Which feature should have how much influence on the similarity between points? → Domain knowledge!
  • ⇒ Scale / normalize heterogeneous data: For example, the pressure difference between 1.1 and 1.3 bar might be more dramatic in the process than the temperature difference between 200 and 220 degrees, but if the distance between data points is computed with the unscaled values, then the difference in temperature completely overshadows the difference in pressure.

  • ⇒ Exclude redundant / strongly correlated features, as they otherwise count twice towards the distance.

Working with Text Data

As mentioned before, machine learning algorithms can not work with text data directly, but we first need to extract meaningful numerical features from it.

Feature extraction: Bag-of-Words (BOW) TF-IDF features:

Represent a document as the weighted counts of the words occurring in the text:

  • Term Frequency (TF): how often does this word occur in the current text document.

  • Inverse Document Frequency (IDF): a weight to capture how significant this word is. This is computed by comparing the total number of documents in the dataset to the number of documents in which the word occurs. The IDF weight thereby reduces the overall influence of words that occur in almost all documents (e.g., so-called stopwords like ‘and’, ‘the’, ‘a’, …​).
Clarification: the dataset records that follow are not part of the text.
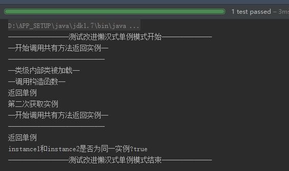 System.out.println("-----------------测试改进懒汉式单例模式开始--------------");
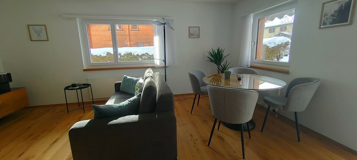 Neu renovierte, stilvolle Wohnung in der Nähe von Skilift. 9 Gehminuten von der Bergstation Braunwald und Lebensmittelgeschäft. Ausgestattete Küche, Balkon mit Aussicht. Ideal für 2 Personen, bietet dank Bettsofa im Wohnzimmer Platz für bis zu 4 Personen. Babyausstattung verfügbar. Skiraum und Fahrradabstellplatz vor Ort. Geniessen Sie ein gemütliches Essen im Restaurant nebenan.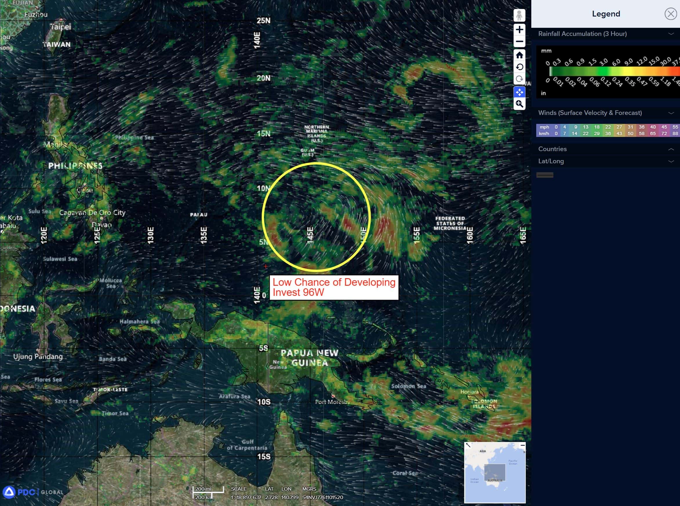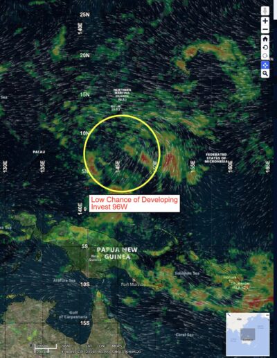 There’s an area of disturbed weather being referred to as Invest 96W, which is located approximate 478 NM south of Guam
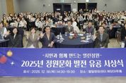 【뉴스라이트 = 조용은 기자】 수원특례시는 18일 팔달문화센터 예당마루홀에서 ‘2025년 정원문화 발전 유공 시상식’을 열었다. 정원문화 발전에 기여한 시민과 단체 등에 수원시장상(47개)과 수원시의회 의장상(7개)을 수여했다. 시상은 표창장·감사패 수여, 시민정원 경연대회, 베스트 관리상, 올해의 정원인상 등 분야별로 진행됐다. 지난 10월 효원공원에서 열렸던 ‘2025년 수원시 시민정원 경연대회’ 수상팀들을 시상했다. 하나의 물방울이 만들어내는 무한한 생명의 파장을 표현한 ‘완뚝원정대’의 ‘리플(ripple) 가든’이 대상을 받았다. 어린 꽃이 꿈꾸는 산의 이미지를 담은 ‘진달래동산 꽃뫼’ 팀의 ‘어린 꽃이 꿈꾸는 뫼(산)’이 최우수상, 빛과 생명의 흐름을 표현한 ‘빛나게’ 팀의 ‘Flowing Light, Flowering Life(플로잉 라이트, 플라워링 라이프’가 우수상을 받았다. 이재준 수원시장은 “도심 속 열린 정원은 시민에게 휴식처가 되고, 기후 위기 대응에는 힘이 된다”며 “정원을 가꾼 수상자 노력에 감사하며 시민 일상에 초록이 늘도록 지원을 이어가겠다”고 말했다.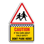 Caution If You Care About Child Safety Don't Park Here Signs are used to strongly discourage drivers from parking in areas where doing so could create safety hazards for children, such as blocking sight lines, crossing points, or access routes near schools or playgrounds. By appealing directly to the driver's sense of responsibility and concern for child safety, the sign uses emotional and cautionary language to encourage more thoughtful parking behavior.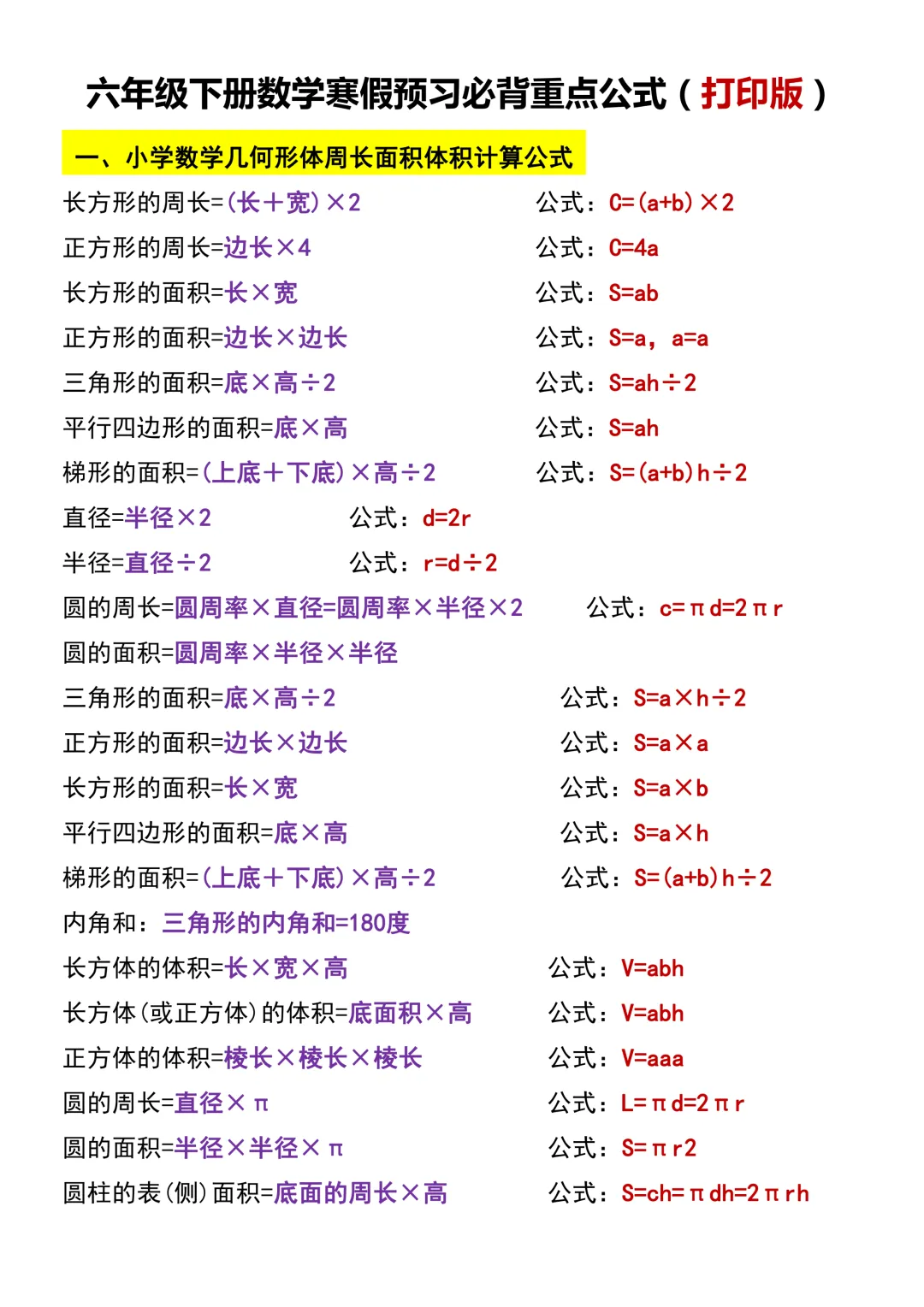 今天为大家分享:寒假是弯道超车的黄金期,尤其对于即将进入六年级下册的学生来说,提前梳理数学核心公式,不仅能为新学期减负,更能筑牢知识地基。数学学习离不开公式的灵活运用,无论是几何图形的计算,还是分数运算、数量关系求解,掌握关键公式就等于拿到了打开解题大门的钥匙。

    Please note that here the feature vector is shown as a column vector, but since each document is one data point, it is actually one row in the feature matrix \(X\), while the TF-IDF values for the individual words are the features in the columns.
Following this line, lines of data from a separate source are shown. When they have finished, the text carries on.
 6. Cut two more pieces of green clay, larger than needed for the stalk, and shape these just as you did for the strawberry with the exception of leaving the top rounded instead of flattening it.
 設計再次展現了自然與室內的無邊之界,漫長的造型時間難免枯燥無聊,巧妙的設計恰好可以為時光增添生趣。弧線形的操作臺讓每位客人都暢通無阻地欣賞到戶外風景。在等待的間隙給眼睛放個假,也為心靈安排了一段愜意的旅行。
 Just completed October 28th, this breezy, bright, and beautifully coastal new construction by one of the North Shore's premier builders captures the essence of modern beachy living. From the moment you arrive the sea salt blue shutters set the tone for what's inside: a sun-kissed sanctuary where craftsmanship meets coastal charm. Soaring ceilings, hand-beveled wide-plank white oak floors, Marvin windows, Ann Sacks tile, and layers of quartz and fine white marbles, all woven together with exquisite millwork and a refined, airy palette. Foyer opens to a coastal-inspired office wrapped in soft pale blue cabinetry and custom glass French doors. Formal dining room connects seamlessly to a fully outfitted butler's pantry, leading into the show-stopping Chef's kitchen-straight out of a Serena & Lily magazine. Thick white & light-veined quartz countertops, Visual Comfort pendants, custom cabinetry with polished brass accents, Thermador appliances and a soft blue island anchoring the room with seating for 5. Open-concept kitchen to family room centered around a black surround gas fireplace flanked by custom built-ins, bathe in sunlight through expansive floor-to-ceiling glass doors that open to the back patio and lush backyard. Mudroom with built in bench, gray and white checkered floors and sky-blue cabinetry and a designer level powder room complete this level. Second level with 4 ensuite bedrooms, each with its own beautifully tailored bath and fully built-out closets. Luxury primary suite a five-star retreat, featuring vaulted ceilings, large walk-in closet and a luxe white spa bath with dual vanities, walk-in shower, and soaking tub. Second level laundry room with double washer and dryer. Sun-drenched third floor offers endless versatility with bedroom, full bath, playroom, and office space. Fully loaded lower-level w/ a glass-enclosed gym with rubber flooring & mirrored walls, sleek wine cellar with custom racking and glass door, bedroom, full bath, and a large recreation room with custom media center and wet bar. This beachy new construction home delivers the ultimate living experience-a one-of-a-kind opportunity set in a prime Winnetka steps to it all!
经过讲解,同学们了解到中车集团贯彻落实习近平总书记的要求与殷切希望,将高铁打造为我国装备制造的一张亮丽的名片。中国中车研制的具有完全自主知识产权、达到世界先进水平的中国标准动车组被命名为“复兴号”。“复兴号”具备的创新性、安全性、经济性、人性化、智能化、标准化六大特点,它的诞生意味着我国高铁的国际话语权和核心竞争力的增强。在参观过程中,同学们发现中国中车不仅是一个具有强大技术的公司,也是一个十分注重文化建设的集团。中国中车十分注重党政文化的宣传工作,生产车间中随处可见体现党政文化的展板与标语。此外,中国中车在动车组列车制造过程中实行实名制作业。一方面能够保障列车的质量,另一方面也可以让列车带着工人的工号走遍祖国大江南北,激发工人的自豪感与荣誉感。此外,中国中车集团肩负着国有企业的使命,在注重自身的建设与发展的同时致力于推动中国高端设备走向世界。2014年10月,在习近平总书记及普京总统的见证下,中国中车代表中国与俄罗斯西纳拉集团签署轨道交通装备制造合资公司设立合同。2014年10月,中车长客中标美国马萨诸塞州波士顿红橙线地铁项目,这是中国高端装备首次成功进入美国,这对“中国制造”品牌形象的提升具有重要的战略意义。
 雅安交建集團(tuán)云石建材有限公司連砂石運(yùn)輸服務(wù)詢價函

→ First, the whole corpus (= a dataset consisting of text documents) is processed once to determine the overall vocabulary (i.e., the unique words occurring in all documents that then make up the dimensionality of the BOW feature vector) and to compute the IDF weights for all words. Then each individual document is processed to compute the final TF-IDF vector by counting the words occurring in the document and multiplying these counts with the respective IDF weights.

from sklearn.feature_extraction.text import TfidfVectorizer
Computing similarities between texts (represented as TF-IDF vectors) with the cosine similarity:

Scalar product (→ linear_kernel) of length normalized TF-IDF vectors:

\[sim(\mathbf{x}_i, \mathbf{x}_j) = \frac{\mathbf{x}_i^\top \mathbf{x}_j}{\|\mathbf{x}_i\| \|\mathbf{x}_j\|} \quad \in [-1, 1]\]

i.e., the cosine of the angle between the length-normalized vectors:


→ similarity score is between [0, 1] for TF-IDF vectors, since all entries in the vectors are positive.

Food for thought: Human vs. TF-IDF + Cosine Similarity understanding

The hotel was great, but the weather was bad.
The weather was great, but the hotel was bad.
The accommodation was wonderful, but it was raining all day.

For which of the above sentences would you say that they mean something similar?
Which sentence pairs would be assigned a high or lower similarity score when they are represented as TF-IDF vectors and the similarity is computed with the cosine similarity?

Disadvantages of TF-IDF vectors:
  • Similarity between individual words (e.g., synonyms) is not captured, since each word has its own distinct dimension in the feature vector and is therefore equally far away from all other words.

  • Word order is ignored → this is also where the name “bag of words” comes from, i.e., imagine all the words from a document are thrown into a bag and shook and then we just check how often each word occurred in the text.